Виктория едва дождалась конца недели. В воскресенье Андрей все утро играл во дворе в футбол с соседскими мальчишками, потом вернулся, вымыл руки и небрежно бросил:

– Пошли к Бульдоге за хлебом.

На пороге булочной ноги Виктории внезапно отказались ей служить, она остановилась и робко потянула брата назад:

– Андрюша, не надо!

Отодвинув ее плечом, он спокойно подошел к прилавку и вежливо произнес:

– Тетя, дайте мне хлеб, пожалуйста.

Бульдога повернула к нему свое сердитое лицо и, не говоря ни слова, протянула батон. Пока они шли домой, Вика ежеминутно оглядывалась – ей казалось, что обманутая Бульдога мчится за ними в погоню. Дома, немного придя в себя после испытанного ужаса, она застенчиво поинтересовалась:

– А с деньгами, которые ты не отдал за хлеб, чего делать? Давай тогда пряники купим.

– Деньги я Бульдоге отдам, – сурово отрезал Андрей, – только завтра. Я хотел тебе просто показать. Или ты думаешь, что я вор?
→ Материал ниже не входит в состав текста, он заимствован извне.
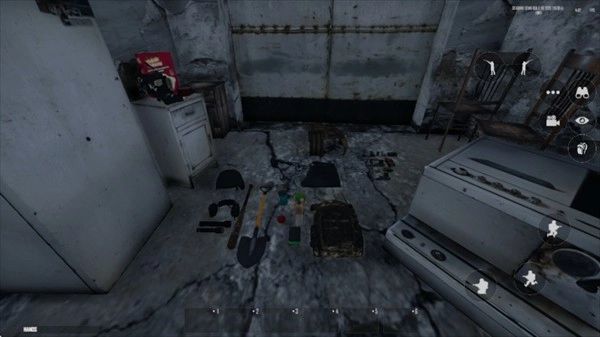 玩家进入游戏后会出生在一个封闭的集装箱里,滑动屏幕左侧就能控制角色移动,建议先把集装箱内的物品捡起来,这些物品可以用于基础的防身和生存。
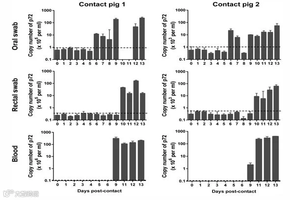 非洲猪瘟病毒在人工肌肉接种的情况下,3天即可在血液中检测到病毒,随后是唾液和粪便。而临床上非洲猪瘟的感染往往是通过物理性传播和消化道接触,同居感染试验更有说服力。同居感染实验结果显示,非洲猪瘟自然感染情况下病毒最早出现在唾液中,较血液中出现病毒载量早3天,因此建议在无症状猪群定期排查时使用唾液作为检测对象。猪群一旦出现不吃料、减料、轻微发热等疑似发病症状,可以采集唾液、鼻腔液、肛拭子等混检,也可以同时采集耳血拭子,有助于疫情的提早发现。如果在血液中检测到了非洲猪瘟病毒,说明猪场很有可能已经较大面积感染非洲猪瘟病毒。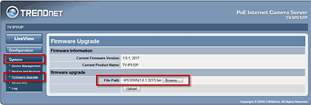 - Check the firmware version first. Click Browse to choose the firmware file. Once the firmware has been selected, click Update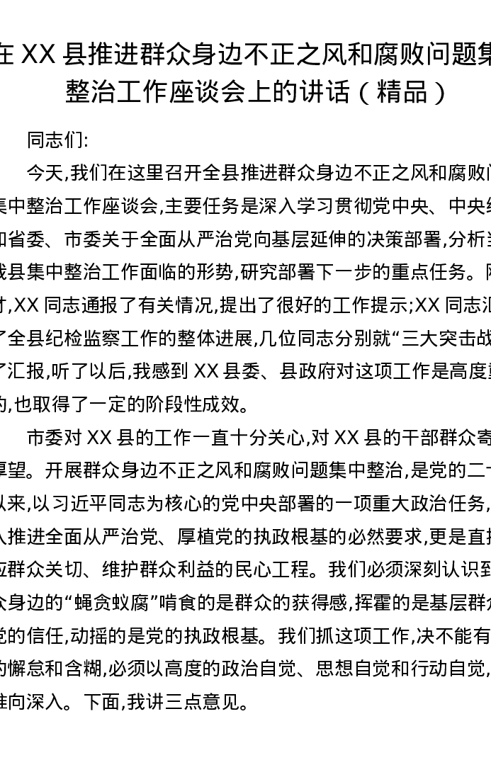 在XX县推进群众身边不正之风和腐败问题集中整治工作座谈会上的讲话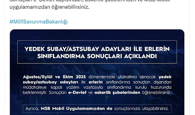 MİLLİ Savunma Bakanlığı (MSB), Ağustos, Eylül ve Ekim 2025 dönemlerinde silahaltına alınacak yedek subay/astsubay adayları ile erlerin sınıflandırma sonuçlarının açıklandığını duyurdu.Bakanlığın sosyal medya hesabından yapılan açıklamada, "Ağustos, Eylül ve Ekim 2025 dönemlerinde silahaltına alınacak yedek subay/astsubay adayları ile erlerin sınıflandırma sonuçları açıklandı. Sonuçları e-Devlet kapısından, askerlik şubelerinden ve MSB Mobil uygulamamızdan öğrenebilirsiniz" denildi.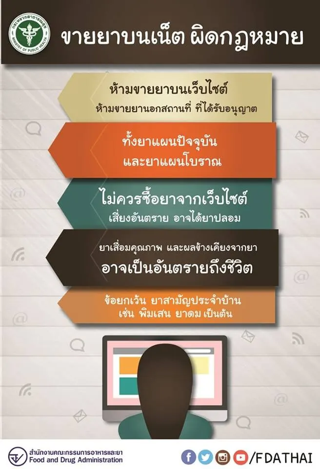 อย.เตือนดังๆ!! ขายยาผ่านเน็ตมีความผิดตามกฎหมาย โทษถึงจำคุกไม่เกิน 5 ปี ปรับสูงสุดไม่เกิน 1 แสนบาท

Пристыженная его светлым и честным взглядом, Виктория опустила голову. В тот же вечер она рассказала о случившемся Даше Чугунковой со второго этажа, а через день весь двор знал, что Воскобейников из третьего подъезда обладает даром гипноза. В действительности же все происходило так: возвращаясь с футбольного поля с мячом в руках, Андрей забежал в булочную и купил хлеб – вернее, отдал за него деньги, но когда Бульдога протянула ему батон, он взглянул на свои грязные руки и тяжело вздохнул:

– Тетя, а можно, чтобы хлеб у вас немного полежал, а то у меня руки очень грязные, и мама ругаться будет, что я его испачкал, а отец даже побить может. Он, знаете, какой строгий – ремнем очень больно бьет, всегда синяки остаются. Я только домой сбегаю – руки вымою и приду, хорошо?

На лице его при этом появилась доверчивая и ясная улыбка, а Бульдога…. А что Бульдога? Она только с виду казалась злой, а так – обычная женщина, у которой дома были маленькие дети. И деньги она всегда так тщательно пересчитывала, потому что однажды за недостачу у нее вычли ползарплаты. Что ей трудно было на десять минут отложить буханку, за которую уже было уплачено?

Восхищение окружающих Андрей принял, как должное. После случая с Бульдогой он убедился, что путь к триумфу не столь уж тернист – если хорошо понимаешь людей, то потребуется всего-то немного обаяния и немного красноречия. Ну и, конечно, малость хитрости. Ему все больше и больше нравилось ставить эксперименты над людьми, накопленный опыт очень скоро начал давать положительные результаты – учителям нравился воспитанный мальчик с искренним взглядом и честным лицом, большинство одноклассников любили его за приветливость и готовность всегда прийти на помощь.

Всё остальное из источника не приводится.